A body projected vertically upwards with a certain speed from the top of a tower reaches the ground in $$t_1$$. If it is projected vertically downwards from the same point with the same speed, it reaches the ground in $$t_2$$. Time required to reach the ground, if it is dropped from the top of the tower, is :

Let the tower height be $$h$$, initial speed be $$u$$, and $$g$$ be acceleration due to gravity.

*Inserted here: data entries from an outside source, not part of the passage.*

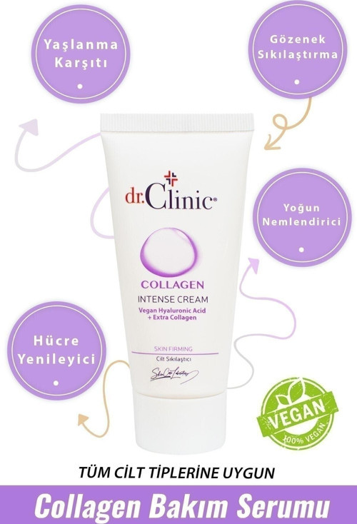 Dr.Clinic Yoğun Kolajenli Cilt Sıkılaştırıcı Krem,içerisinde barındırdığı Vegan Hyalüronik Asit ve ekstra Kolajen sayesinde cildi canlandırır. Cilt dokusuna extra nemlilik kazandırır. Yüzde zaman içinde oluşmuş çizgiler, deride yumuşama, sarkma, elastikiyetini kaybetme gibi unsurlar
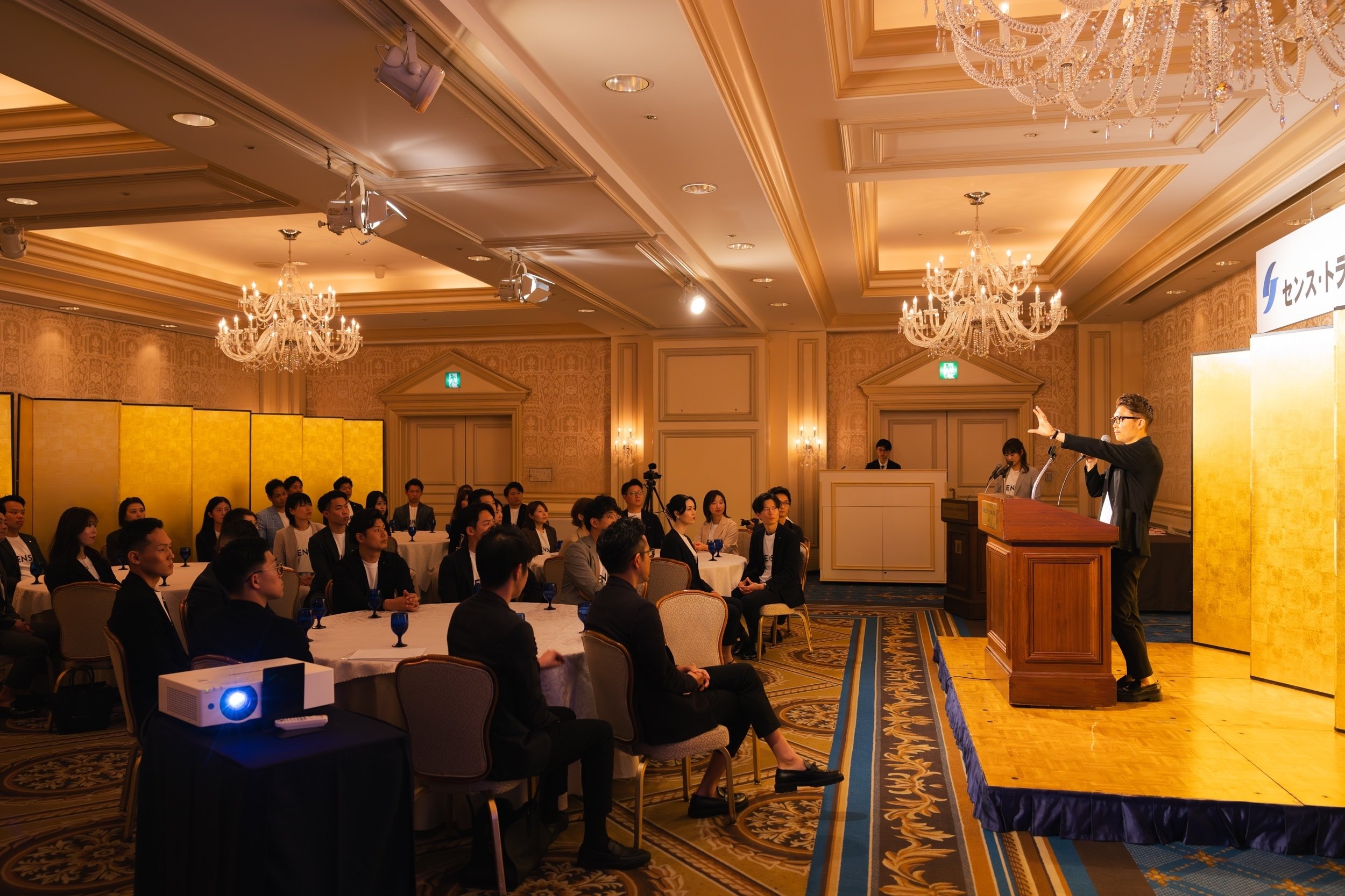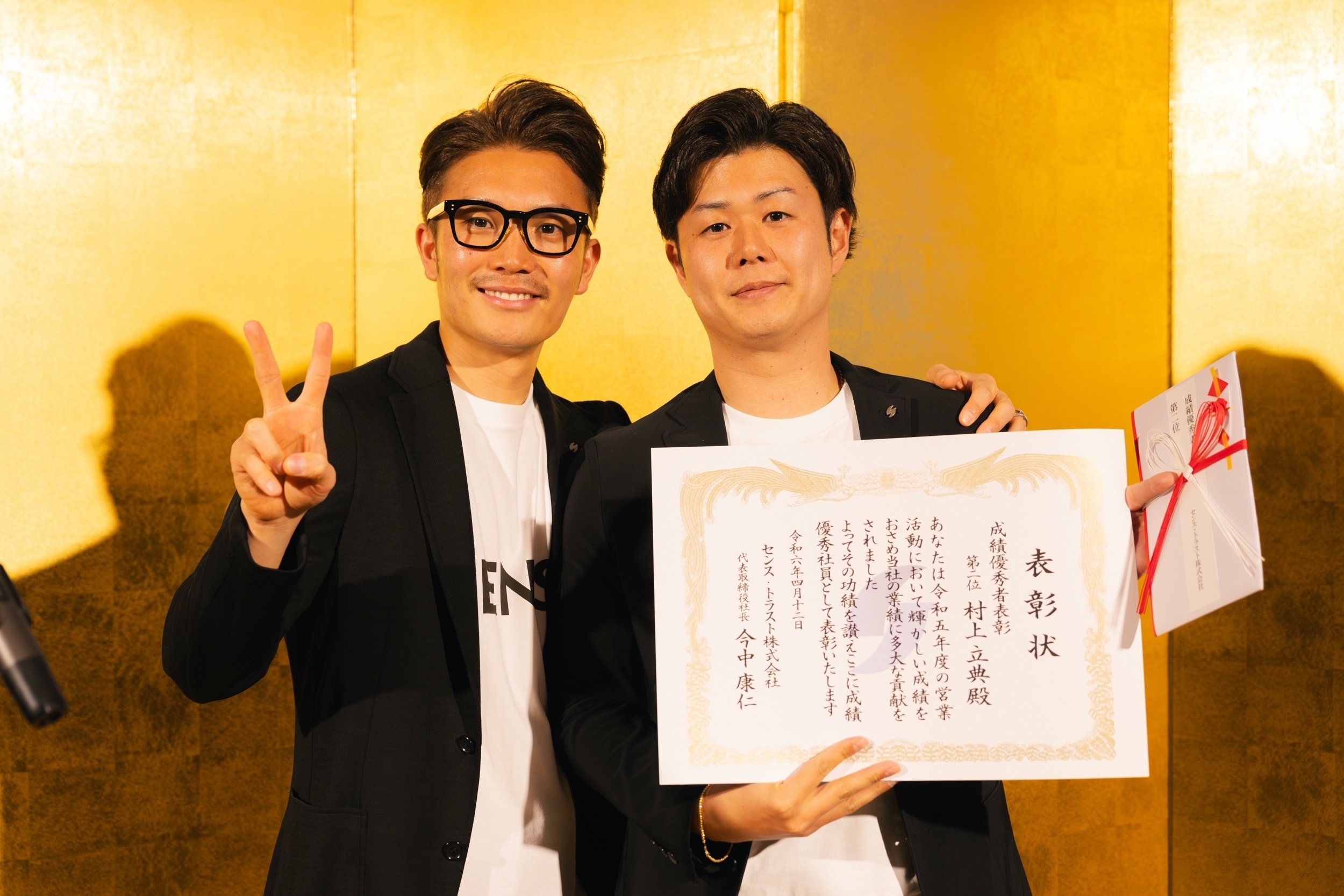 第一部のクライマックスは表彰式です。2023年の1年間、センス・トラストの成長に最も貢献した社員を表彰するもので、「新人王賞」「奨励賞」「唯一無二で賞」「社長賞」「副社長賞」「成績最優秀者賞」と多くのアワードで受賞者を決定し、商品券2万円から賞金10万円までの副賞を用意しました。
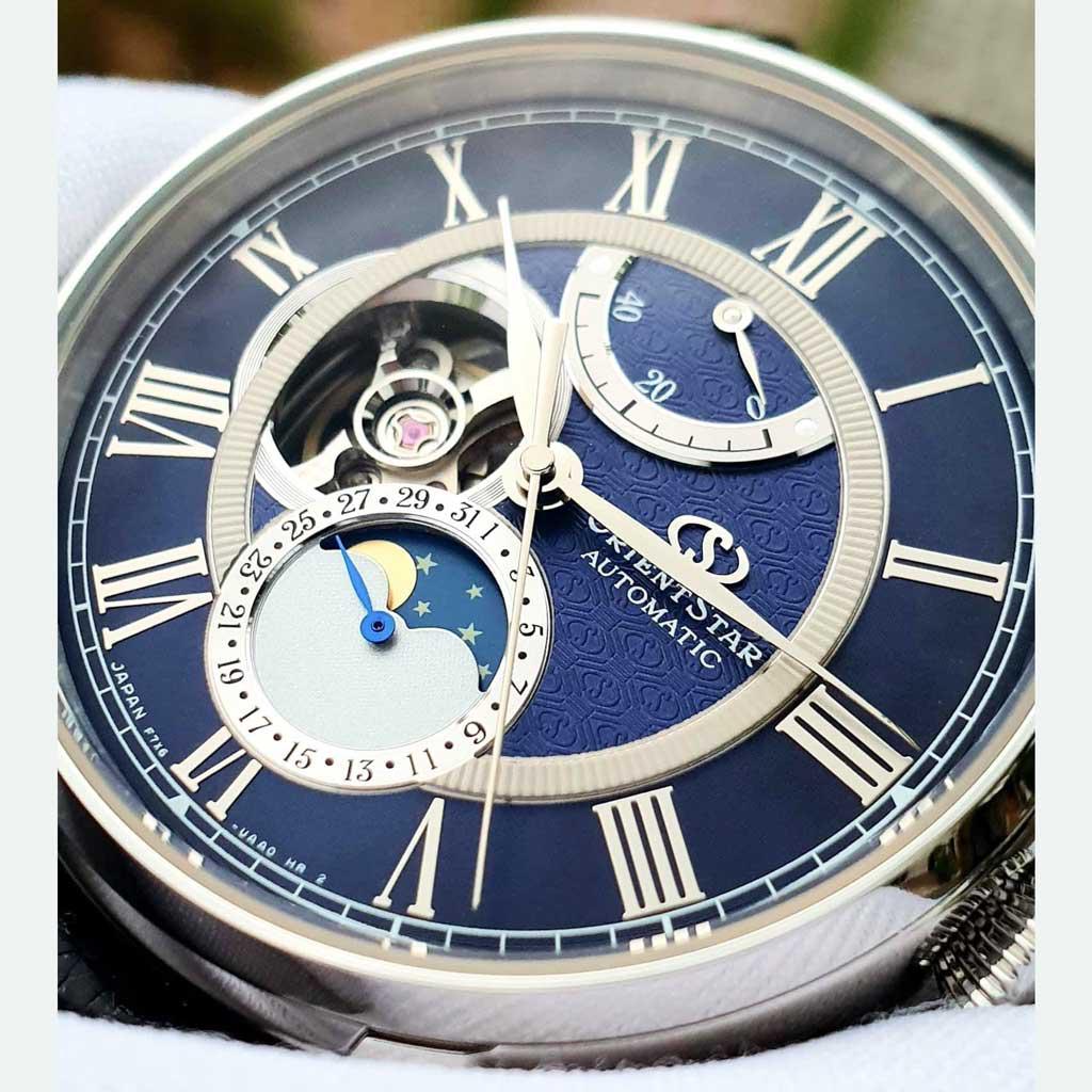 Orient Star Moonphase Blue - RE-AM0002L00B - Một trong những mẫu đhồ đỉnh nhất của Ngôi sao phương Đông - Orient Star sở hữu 1 diện mạo vạn người mê, với thiết kế cổ điển tinh tế được chăm chút từng chi tiết nhỏ nhất.

Projected upward: Taking downward as positive:

$$h = -ut_1 + \frac{1}{2}gt_1^2$$ ... (1)

Projected downward:

$$h = ut_2 + \frac{1}{2}gt_2^2$$ ... (2)

Dropped (u = 0):

$$h = \frac{1}{2}gt^2$$ ... (3)

From (1): $$h = \frac{1}{2}gt_1^2 - ut_1$$
From (2): $$h = \frac{1}{2}gt_2^2 + ut_2$$

Adding (1) and (2): $$2h = \frac{1}{2}g(t_1^2 + t_2^2) + u(t_2 - t_1)$$

Subtracting (1) from (2): $$0 = \frac{1}{2}g(t_2^2 - t_1^2) + u(t_1 + t_2)$$

$$u = \frac{g(t_1^2 - t_2^2)}{2(t_1 + t_2)} = \frac{g(t_1 - t_2)}{2}$$

Substituting back into (2): $$h = \frac{g(t_1-t_2)}{2} \cdot t_2 + \frac{1}{2}gt_2^2 = \frac{g}{2}(t_1 t_2 - t_2^2 + t_2^2) = \frac{g t_1 t_2}{2}$$

From (3): $$t = \sqrt{\frac{2h}{g}} = \sqrt{\frac{2 \cdot \frac{g t_1 t_2}{2}}{g}} = \sqrt{t_1 t_2}$$.

The correct answer is Option A: $$\sqrt{t_1 t_2}$$.